Fig. 5 and 6 show variants with respect to the embodiments in fig. 1 and 2, respectively, in which a positive guidance is present here on the intermediate elements 8, 9, in that, in addition to the first rolling element 12 or the second rolling element 13, a further rolling element, namely a third or fourth rolling element 14, 15, is provided. In this embodiment, deviations are made from the embodiment in which a moment balance and a force balance are required on the respective intermediate element 8, 9. It is only necessary that a sufficient force (vector) component is generated by the (first) energy storage element 10 (and here also the second energy storage element 11) in order to hold the rolling bodies 12, 13, 14, 15 between the respective drive track 16 and the complementary counter track 19 or to press the respective intermediate element 8, 9 against the two rolling bodies 12, 13, 14, 15. In principle, more rolling elements 12, 13, 14, 15 can also be used. Fig. 5 refers to the description of fig. 1 and fig. 6 refers to the description of fig. 2.

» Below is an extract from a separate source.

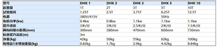 DHK型環鏈電動葫蘆參數表:起重量一般為0.1~60t,起升速度為4-20米。
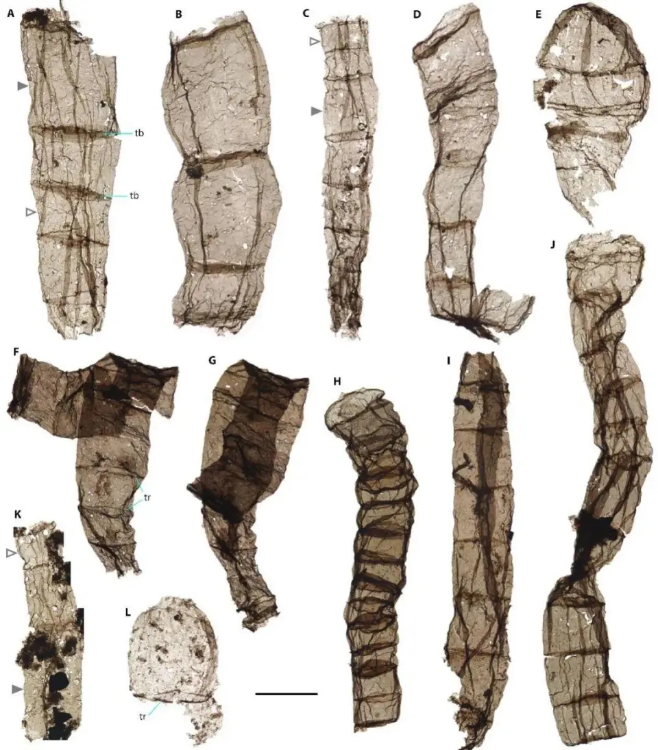 ▲串嶺溝組中發(fā)現(xiàn)的壯麗青山藻。化石保存為有機(jī)質(zhì)壁構(gòu)成的多細(xì)胞絲狀體,顯示細(xì)胞大小和形態(tài)的變化引起的絲狀體形態(tài)變化。絲狀體直徑向一端收縮(A-D、F-I、K),絲狀體直徑不變(J),保存有完整端部的絲狀體(E、L)。比例尺對于F-H和K代表100微米,其余的代表50微米。

Fig. 7 to 10 show a torque-torsion angle diagram, wherein the torque axis 51 forms the ordinate and the torsion angle axis 52 forms the abscissa. In this embodiment, a traction torque curve with a positive torque and a torsion angle is shown on the right side of the ordinate, and a pushing torque curve with a negative torque and a torsion angle is shown on the left side of the ordinate.

In fig. 7, a first transmission curve 27 corresponding to the drag torque pair 26 and a second transmission curve 29 corresponding to the push torque pair 28 are shown in two-step progression, so that a flat curve progression exists when the torque magnitude is small and a steep curve progression exists when the torque magnitude is large.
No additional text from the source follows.